## [What you have to do]
What is needed is an exact copy of the lines in the entries below from the one holding "(วว.) กระทรวงการอุดมศึกษา วิทยาศาสตร์" through the one holding "Smiling man with", pictures excluded.

## [The data]
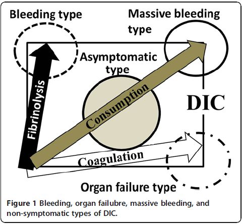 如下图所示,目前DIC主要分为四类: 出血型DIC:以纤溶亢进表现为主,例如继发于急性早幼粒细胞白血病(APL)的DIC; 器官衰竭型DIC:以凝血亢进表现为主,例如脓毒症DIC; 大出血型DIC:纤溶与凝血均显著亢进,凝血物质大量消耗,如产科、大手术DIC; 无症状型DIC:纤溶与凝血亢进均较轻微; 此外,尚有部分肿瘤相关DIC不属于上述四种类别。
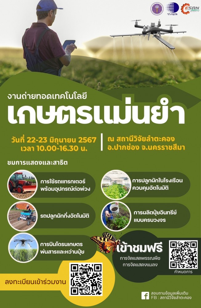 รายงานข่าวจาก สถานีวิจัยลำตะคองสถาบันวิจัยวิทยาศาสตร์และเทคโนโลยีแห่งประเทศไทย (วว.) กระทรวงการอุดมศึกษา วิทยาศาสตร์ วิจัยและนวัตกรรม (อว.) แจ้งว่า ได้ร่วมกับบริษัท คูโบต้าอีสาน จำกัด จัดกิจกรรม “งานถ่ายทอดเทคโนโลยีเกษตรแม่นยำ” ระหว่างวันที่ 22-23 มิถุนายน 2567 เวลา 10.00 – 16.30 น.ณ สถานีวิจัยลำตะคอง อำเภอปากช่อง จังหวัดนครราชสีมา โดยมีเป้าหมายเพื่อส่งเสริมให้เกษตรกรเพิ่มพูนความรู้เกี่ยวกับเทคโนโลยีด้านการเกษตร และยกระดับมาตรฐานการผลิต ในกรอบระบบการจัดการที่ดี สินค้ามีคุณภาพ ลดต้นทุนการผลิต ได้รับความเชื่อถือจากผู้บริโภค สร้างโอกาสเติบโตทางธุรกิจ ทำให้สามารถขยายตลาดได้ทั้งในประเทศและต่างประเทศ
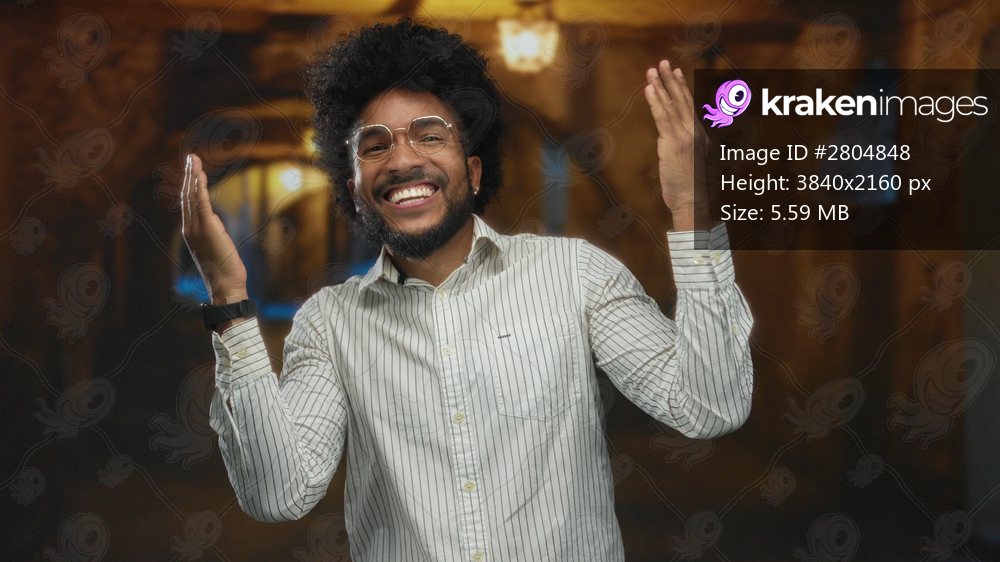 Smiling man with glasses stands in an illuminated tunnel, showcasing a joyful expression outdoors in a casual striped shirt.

==

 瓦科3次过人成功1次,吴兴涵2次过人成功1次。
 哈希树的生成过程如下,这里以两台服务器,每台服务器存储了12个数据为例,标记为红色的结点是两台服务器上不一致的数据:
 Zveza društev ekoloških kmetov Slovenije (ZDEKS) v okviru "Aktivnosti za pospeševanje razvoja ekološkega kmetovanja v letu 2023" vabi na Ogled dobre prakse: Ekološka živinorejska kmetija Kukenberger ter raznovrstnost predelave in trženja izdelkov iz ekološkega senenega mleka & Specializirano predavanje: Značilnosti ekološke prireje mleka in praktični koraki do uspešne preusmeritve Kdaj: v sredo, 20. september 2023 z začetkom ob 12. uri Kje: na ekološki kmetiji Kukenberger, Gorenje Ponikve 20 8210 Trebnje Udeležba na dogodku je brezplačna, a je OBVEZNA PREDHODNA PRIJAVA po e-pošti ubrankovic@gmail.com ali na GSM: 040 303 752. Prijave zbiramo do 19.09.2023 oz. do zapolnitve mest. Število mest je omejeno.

## [Response for this exercise]
 รายงานข่าวจาก สถานีวิจัยลำตะคองสถาบันวิจัยวิทยาศาสตร์และเทคโนโลยีแห่งประเทศไทย (วว.) กระทรวงการอุดมศึกษา วิทยาศาสตร์ วิจัยและนวัตกรรม (อว.) แจ้งว่า ได้ร่วมกับบริษัท คูโบต้าอีสาน จำกัด จัดกิจกรรม “งานถ่ายทอดเทคโนโลยีเกษตรแม่นยำ” ระหว่างวันที่ 22-23 มิถุนายน 2567 เวลา 10.00 – 16.30 น.ณ สถานีวิจัยลำตะคอง อำเภอปากช่อง จังหวัดนครราชสีมา โดยมีเป้าหมายเพื่อส่งเสริมให้เกษตรกรเพิ่มพูนความรู้เกี่ยวกับเทคโนโลยีด้านการเกษตร และยกระดับมาตรฐานการผลิต ในกรอบระบบการจัดการที่ดี สินค้ามีคุณภาพ ลดต้นทุนการผลิต ได้รับความเชื่อถือจากผู้บริโภค สร้างโอกาสเติบโตทางธุรกิจ ทำให้สามารถขยายตลาดได้ทั้งในประเทศและต่างประเทศ
 Smiling man with glasses stands in an illuminated tunnel, showcasing a joyful expression outdoors in a casual striped shirt.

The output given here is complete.